2013 год - стр. 12
Вот почему исполнение оперы «Победа над Солнцем», в которой первенствовала уже не музыка, а изобразительное искусство, знаменует собой, кроме всего прочего, еще и победу над вагнеровским проектом, в котором главная роль выпадала именно на долю музыки, в то время как задача изобразительного искусства сводилась к оформительству. Стало быть, «Победа над Солнцем», помимо всего прочего, есть еще и победа над солнцем вагнеризма и над солнцем Вагнера, столетие со дня рождения которого праздновалось как раз в 1913 году. Слова Бретона «так пускай же ночь опустится на оркестровую яму» лишний раз подтверждали тот факт, что, несмотря на всю грандиозность байройтовского триумфа, для большинства актуальных художников первой половины ХХ века солнце Вагнера закатилось навсегда. Вагнер и вагнеризм превратились в то, что необходимо победить любой ценой.

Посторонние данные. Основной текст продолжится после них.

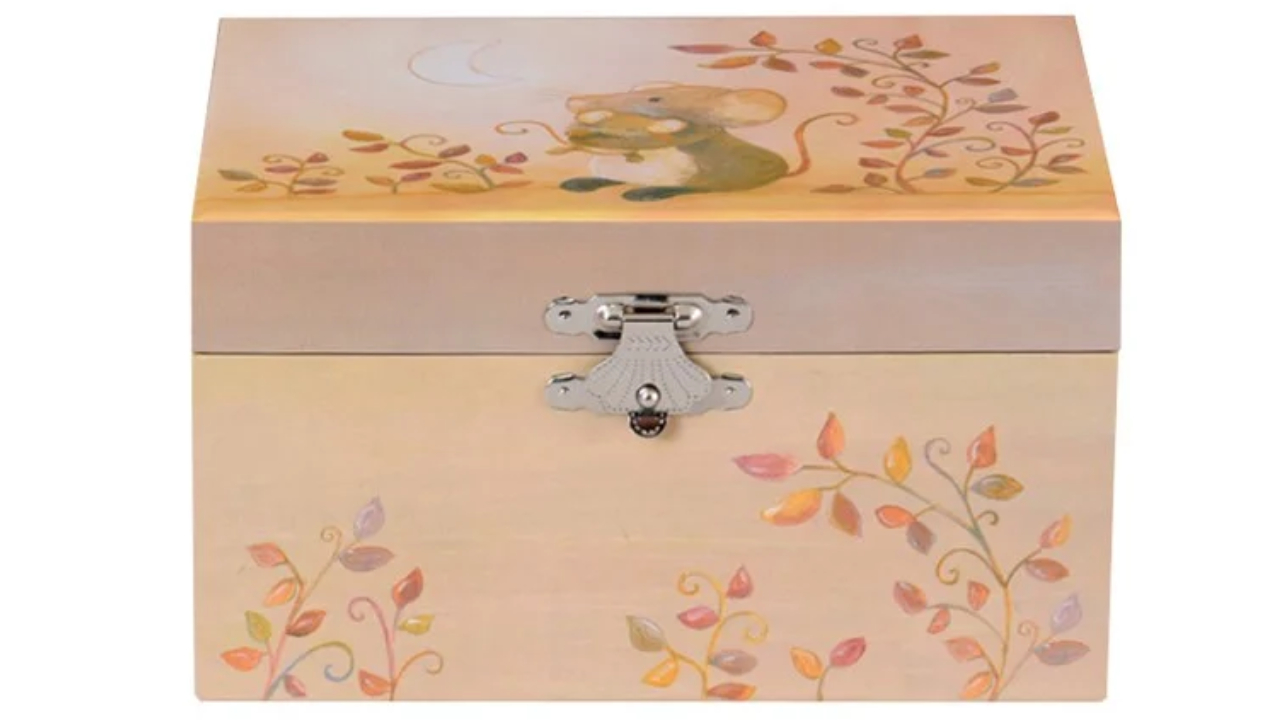 Aceasta cutie muzicala este ompodobită cu un fermecător imprimeu cu șoarece și frunze.
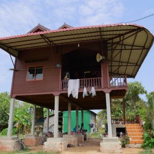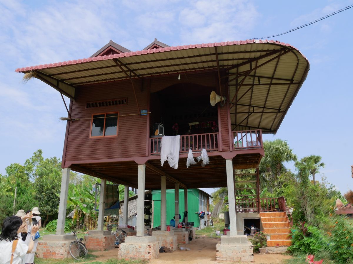その後、高床式のカンボジア伝統の民家に案内していただき、
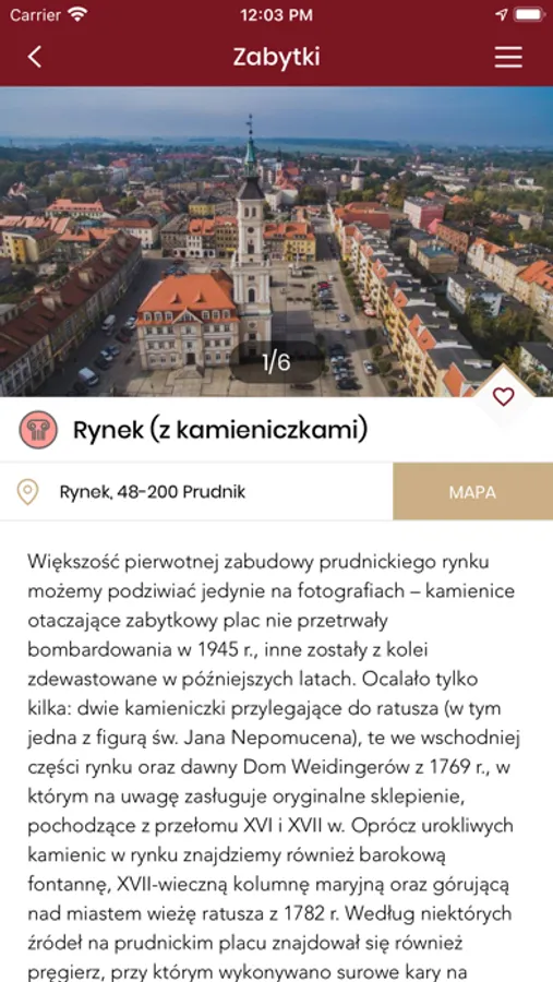 W aplikacji znajdziemy informacje o najważniejszych zabytkach i atrakcjach turystycznych, dowiemy się, gdzie najlepiej aktywnie spędzić czas i wybrać się na spacer z rodziną. Aplikacja ułatwi również znalezienie miejsca parkingowego, restauracji, noclegu i poinformuje o bieżących najciekawszych wydarzeniach w okolicy. Dodatkowo znajdziemy tutaj propozycje różnych wycieczek: pieszych, rowerowych czy nordic walking. Warto szczególnie wybrać się na wycieczkę po oznakowanym szlaku miejskim i posłuchać, co postacie historyczne mogą nam opowiedzieć o najważniejszych atrakcjach Prudnika.
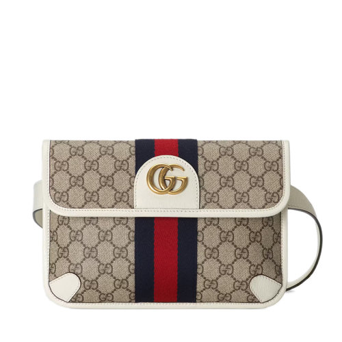 GUCCI/古驰 22春夏新款Ophidia系列 男士米色/乌木色老花帆布白色皮革滚边红蓝织带装饰金扣腰包67408196IWT9794
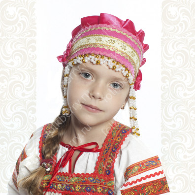 Кокошник выполнен из атласа, декорирован жаккардовой тесьмой, "вьюнком", атласной лентой, бусинами.
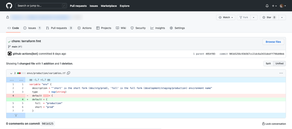 Retty では CI 上で terraform fmt を実行し、差分があった場合にはその修正を自動的に commit & push するようにしています。これはリポジトリを初めて触る人の負荷を軽減するためです。

В наши дни, наверное, уже мало кто может представить, какой шок произвел вагнеровский проект в XIX веке. И дело заключалось даже не в том грандиозном влиянии, которое он оказал на самые передовые европейские умы, и не в том, что вагнеризм стал всеобъемлющим поветрием в среде просвещенной буржуазии, а в том, что Вагнер оказался единственным художником, единственным творцом, отважившимся дать ответ на гегелевский приговор искусству. Вот что по этому поводу, цитируя Хайдеггера, пишет Филипп Лаку-Лабарт в свой книге Musica ficta:
«Вагнеровский проект появляется в тот момент истории, в который XIX век “осмеливается” дать ответ на падение или упадок искусства, на его измену собственной сущности. Это, стало быть, момент, когда, вопреки гегелевскому приговору, XIX век “осмеливается еще раз покуситься на всеобъемлющее произведение искусства”, на Gesamtkunstwerk[5]. Эти дерзновение и усилие “неотъемлемы от имени Вагнера”. Вагнеровский проект – проект эстетический, поскольку это проект: теоретическая разработка искусства вкупе к тому же с его самоосмыслением являются, как говорил Гегель, “данью”, которую нужно платить эпохе, то есть безраздельному господству науки. Всякая воля к “великому искусству” изначально поражена тщетой, поскольку в соответствии с гегелевской истиной как истиной самой эстетики рождение эстетики означает смерть искусства, или, выражаясь менее выспренно (но более строго), факт самого наличия какой-либо эстетики предполагает конец – переход или смену – искусства в его абсолютном предначертании. Вагнеровское предприятие, таким образом, по сути лишь простая эстетическая, даже “эстетская” реставрация “великого искусства”, то есть в данном случае трагедии. Это предприятие буквально декадентское – если оно только, как любая реставрация, не прилежно и тщательно. Тем не менее это предприятие, или, скорее, это “стремление” к всеобщему произведению искусства – “хотя оно неизбежно должно прийти к противоположности великого искусства как в своем исполнении, так и в последствиях”, – остается в свою эпоху единственным, и Вагнер, “несмотря на всю свою склонность к кривлянью или приключениям”, намного превосходит прочие современные “усилия” “заботой о сохранении в экзистенции существенности искусства”. Иными словами: вагнеровское предприятие может быть эстетическим или эстетизирующим, но оно тем не менее уникально и представляет после гегелевского осуществления эстетики последний пришедший из эстетики наскок на сами же ее, эстетики, предпосылки, то есть на признание и приятие конца “великого искусства”. Тем самым Вагнер только подтверждает закон, согласно которому всякое искусство под присмотром эстетики становится ностальгией по “великому искусству”, каковое оно тщится – тщетно – реставрировать. Но тем самым он одновременно и доводит эстетику до ее предела, то есть до края кружения (по крайней мере, в этом смысле и попытается Ницше “радикализировать” Вагнера – ценой, что правда, то правда, в свою очередь “радикального” “разрыва”)»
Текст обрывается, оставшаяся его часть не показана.